The one quality of Lester's that captured me the most, then as now, is what Hell describes as the "drive to describe and be true to what matters in life." The drive to describe is what keeps me going, keeps me writing, makes me sit in front of the computer even when I'm dumb enough to not save something before previewing it, and even though I lose it, to sit down and write it again. The drive to get it *exactly* right, so that when someone reads it who can relate to it, they feel it again, and when someone reads it who has never experienced it, they feel it just a little.

I wanted to talk some more about "the right to be wrong," but I'm not sure how much this ties into the book (saving it, since I'm working my way through the new Chuck Klosterman now). It's an interesting concept, because I'm not sure there are any spaces left for music writing where a writer is allowed to be wrong, to correct themselves, to revisit something. You're certainly not going to find it on, say, Pitchfork (note how I don't hyperlink that); the only space I can think of right now that would tolerate it is ex-ATN/SonicNet Editor Michael Goldberg's neumu.net. And even if a publication or web site did allow for that kind of thoughtful commentary, would anyone really care any more? What's the shelf life of a record these days?

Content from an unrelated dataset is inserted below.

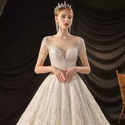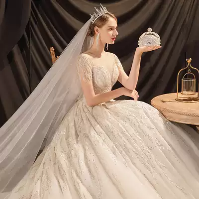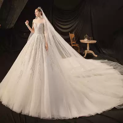 Main wedding dress 2021 new big tail Mori super fairy dream temperament bride Hepburn high-end fashion luxury

Anyway - read the Hell (I'm not going to go all New York Times and start calling him "Mr. Hell," eesh) piece in the Voice (linked at the top); it's the most inciseful, least apologetic, most sincere piece of writing I've read about Lester in years.

Posted by clr at 01:15 AM | Comments (0) | TrackBack

August 18, 2003

for the non-believers

You'll want to read the Chicago Sun-Times review of last week's Springsteen show. (And no, this is not an opening for a DeRogatis bitching session, since he didn't write it.)

It's an example of an exceptionally great review of a rock show in a daily paper, by someone who's not a columnist (see above). It's clear that the writer is most likely a fan, or maybe was a fan; he "gets" Bruce, but also has the critical distance necessary for a general audience piece.


The writer frankly addresses - several times, in fact - why people don't like Springsteen, and frankly, I think he nails it. He admits what we've all known for years: Bruce is an idiot - but he's our idiot. The secret is whether or not you want to let yourself go and throw yourself into the moment that he creates that night.

But the best has to be the ending, and I can't believe he got away with it in this context:

"If a man delivers a message of hope in an industry that increasingly sells hopelessness and despair by the bucketful, is that a bad thing? In a world of Marilyn Mansons, what's wrong with someone who declares defiantly that 'I believe in the love that you gave me/I believe in the faith that could save me/I believe in the hope and I pray that someday it may raise me above these badlands'?

And, finally, this: Is it just posturing and contrivance if the singer and the band actually believe in what they're saying and doing?

You tell me.

Is a dream a lie if it does come true? Or is it something better?"

For what it's worth, in my review of the Montreal Springsteen show, I wondered much of the same thing about that very lyric. Hooey or not, it's one of the things that's kept me going - and surprisingly, still keeps me going - since I was 14 years old.